Pets at school can add expenses, limit housing

When heading off to school, it’s hard to leave behind the comforts of home. Students may miss a family pet living at home during the school year.

To ease these feelings, some students choose to keep a pet in in their apartment at school.

Megan Pfeffer, a recent graduate from the University, will be moving in to a pet-friendly unit in Champaign with her dog.

When she moves in to her new apartment, she will have to pay a pet deposit every month.

Many realtors require pet deposits, which can vary by landlord. Pet-friendly apartments can often be more expensive because of this payment.

“As long as your pet doesn’t tear everything up, you get (the money) back,” Pfeffer said.

According to Esther Patt, coordinator of the Tenant Union, the most common type of pet deposit is refundable, “but a landlord will charge for cleaning and deodorizing the carpet, and spraying for fleas.”

There are also some landlords who charge a higher rent as well as a pet deposit or may ask for one pet deposit per animal, she said.

Patt believes it is important for tenants to know what any deposit entails, whether it be general or for a pet.

“If you are paying a $300 non-refundable (pet) deposit, you are not going to want to have the cost of flea spraying and deoderizing the carpet taken from your regular deposit,” Patt said.

Many pet-friendly apartments do not come without limits.
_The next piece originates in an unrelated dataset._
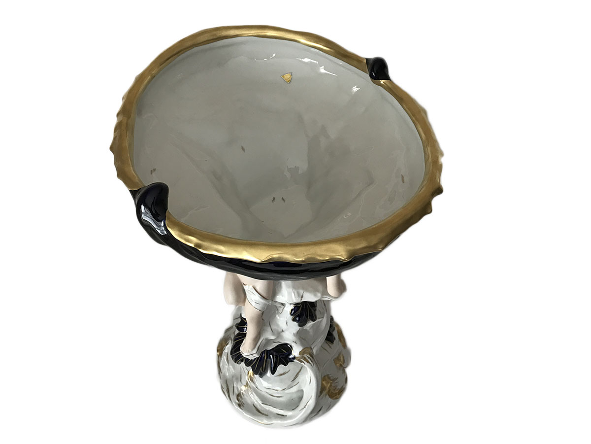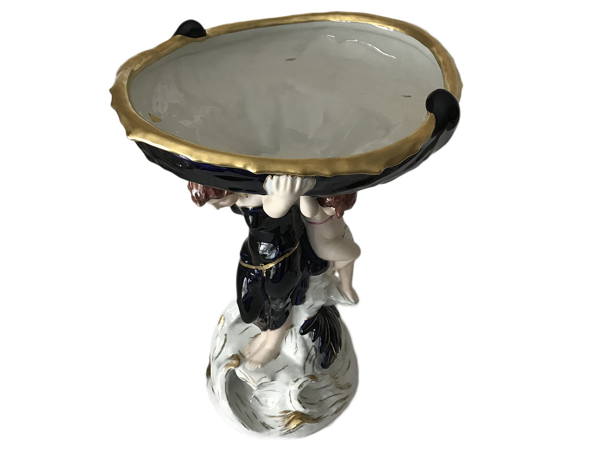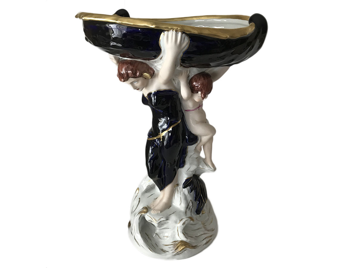 • Classical Royal Dux Bohemia large decorative porcelain sculpture features three figures (boy girl and women) holding a bowl / tray above

“A lot of landlords off campus will allow cats and ferrets but not dogs because they bark,” Patt said.

Even units that allow dogs are specific about the type of breed. Ramshaw Real Estate does not allow German shepherds or pitbulls in its pet-friendly units. The size of the dog is also an important issue.

“Usually dogs have a weight limit of 35 pounds or less,” said Carolyn Crawford, leasing coordinator for Ramshaw.

There are also strict consequences for students who allow a pets in their apartment but do not live in a pet-friendly unit. Students can be evicted whether or not they own the animal.

If a unit is not deemed pet-friendly, the tenant is held responsible when a pet is found in their apartment.

“Just about every lease says no pets without the landlord’s written consent,” Patt said. “The big way we see students hurt the most is when they violate the no-pet clause. (It is reflected) in the deposit when they move out,” Patt said.

According to Crawford, Ramshaw gives residents a written notice that they are in violation of their lease.

They are charged $50 for each day the pet remains in the unit.

Patt believes students who do not already have a furry friend should not seek one out during their time at the University.

“If you don’t already have a pet, don’t get (one) while you are a student because even a hamster or a ferret, and especially a cat, limit your choice of housing,” Patt said.